History

As so often, this code started out as a small project in 1987. Back then, Claus Leitherer wanted to have a little computer program to calculate ionizing fluxes for individual O stars. The program evolved from handling a single star to a whole population. At the same time, there was the desire to assign positions in the HRD for comparison with observations. Results from this rather simple code were reported in ApJS, 73, 1 (1990). By 1990 the program had grown to compute the output of the mechanical luminosity of winds and of supernovae. A paper on that is in ApJ, 401, 498 (1992). The "real" spectral synthesis capability was implemented in 1991, when we added Kurucz and Schmutz model atmospheres from the far-UV to the near-IR. This allowed us to calculate spectra and colors for young populations. Carmelle Robert included an IUE spectral library in the code in order to compute synthetic lines at 0.75 A resolution (ApJ, 418, 749 [1993], ApJS, 99, 173 [1995]).

By 1994, we had computed so many models, synthesizing all kinds of galaxy parameters that the suggestion was made to combine everything, plot it in a homogeneous way, and publish it (ApJS, 96, 9 [1995]).
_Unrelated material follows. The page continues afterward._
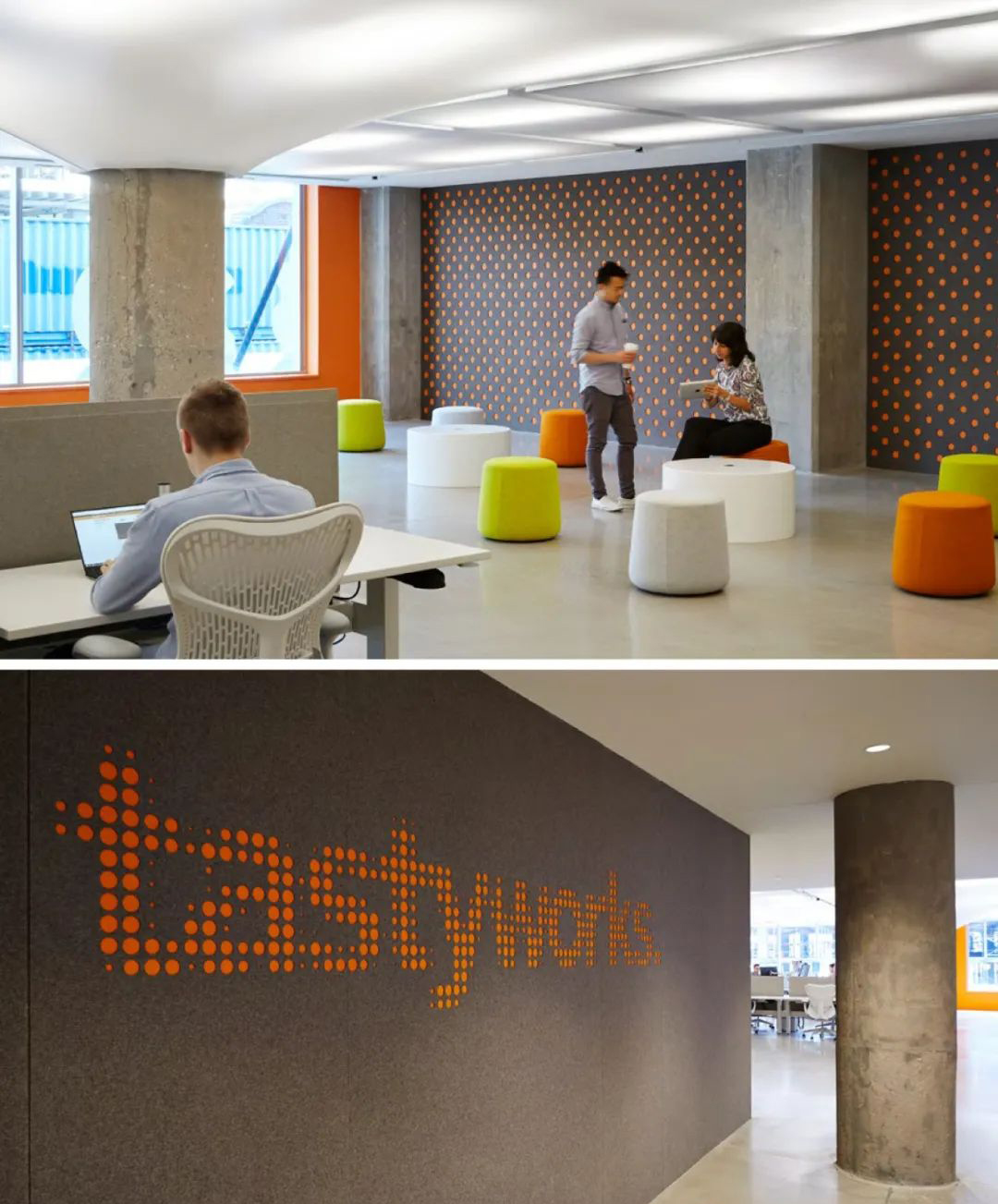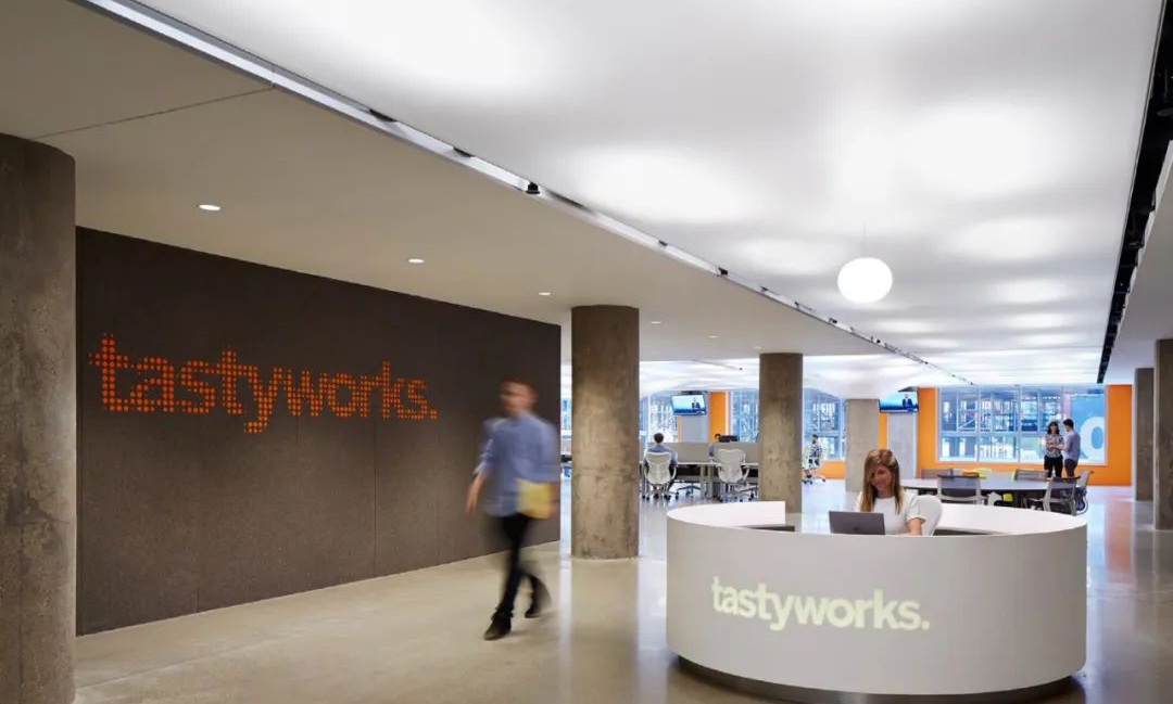 網(wǎng)絡(luò)證券公司Tastyworks的芝加哥辦公室,是一棟冷庫改建的辦公大樓。接待區(qū)的Logo 墻面,設(shè)計(jì)選用了Filzfelt棕色的200和橙色的151色號羊毛毛氈,雙層疊加后在表層飾面精確鏤空,將Tasty Works公司的logo通過底層明亮的橙色毛氈透出,克制而不張揚(yáng)。
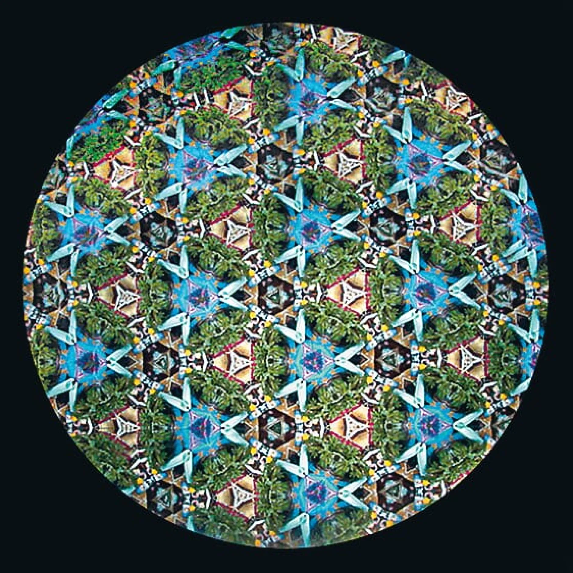 Eine Weitwinkellinse aus Glas gewährleistet maximale Lichtausbeute und sorgt für ein gleichmäßig helles Bild bis zum Rand des Sichtfeldes (sie erzeugt sogar den Eindruck, man könne über den Rand hinausblicken). Anstelle des üblichen, in einem verglasten Aufsatz befindlichen Geschnipsels spiegelt dieses Kaleidoskop – ungleich interessanter – die Umgebung ein. Selbst Horte der Trübsal wie Tiefgaragen, Mülldeponien und Bahnhofsklos erstrahlen in sakraler Schönheit.

Who would have predicted that quite a few astronomers found this useful? Later we began to add a few more specialized routines, like the computation of O VI line profiles by Rosa Gonzalez-Delgado (ApJ, 489, 601 [1997]). The most recent subroutine was written by Jeff Goldader. This part calculates the strengths of selected stellar features in the near-IR.

In 1997 it become clear that the code needed a major upgrade. Daniel Schaerer replaced the ancient Maeder (1990) tracks by the most recent (1992-94) model series of Geneva. He also implemented the capability to perform isochrone synthesis in addition to classical evolutionary synthesis. One of the subroutines used for this was written by Georges Meynet. We also decided to take advantage of the homogeneous atmosphere grid compiled by Lejeune et al. (1997) and replaced the original Kurucz models by the new set. The updated code was made available to the community via a spiffy website called Starburst99 (Leitherer et al. 1999, ApJ, 123, 3).

Since then, four important improvements were made. First, Duilia de Mello added a high-resolution spectral library of B stars in fall 1999. A description is in ApJ, 530, 251 (2000). This library replaced the low-resolution B-star library we used before. (O stars have always been from a high-dispersion library.)

Second, Alessandra Aloisi added supernova yields to the code. Before that, only yields from stellar winds were taken into account, and the supernova yields of those elements which undergo no nuclear processing during a supernova explosion. Now the models are up-to-date with respect to the nucleosynthesis in type II supernovae (and only those -- we don't do type I's yet). This change was made in August 2000.

Third, Claus Leitherer and summer student Joao Leao Souza added a spectral library of LMC and SMC stars in August 2000 (Leitherer et al. 2001, ApJ, 550, in press). This allows calculations of models for UV spectra with sub-solar metallicities. Only O-stars are used for SMC/LMC metallicity, everything else is solar. This is not perfect -- but it is a starting point.

Fourth, Miguel Cervino, in collaboration with Daniel Schaerer greatly improved several numerical aspects of the code. In particular he wrote new code to handle the calculation of the supernova rate in isochrone synthesis. Previously, all SN related parameters showed rather ugly discontinuities due to numerical instabilities (see Leitherer et al. 1999). This was fixed in October 2000.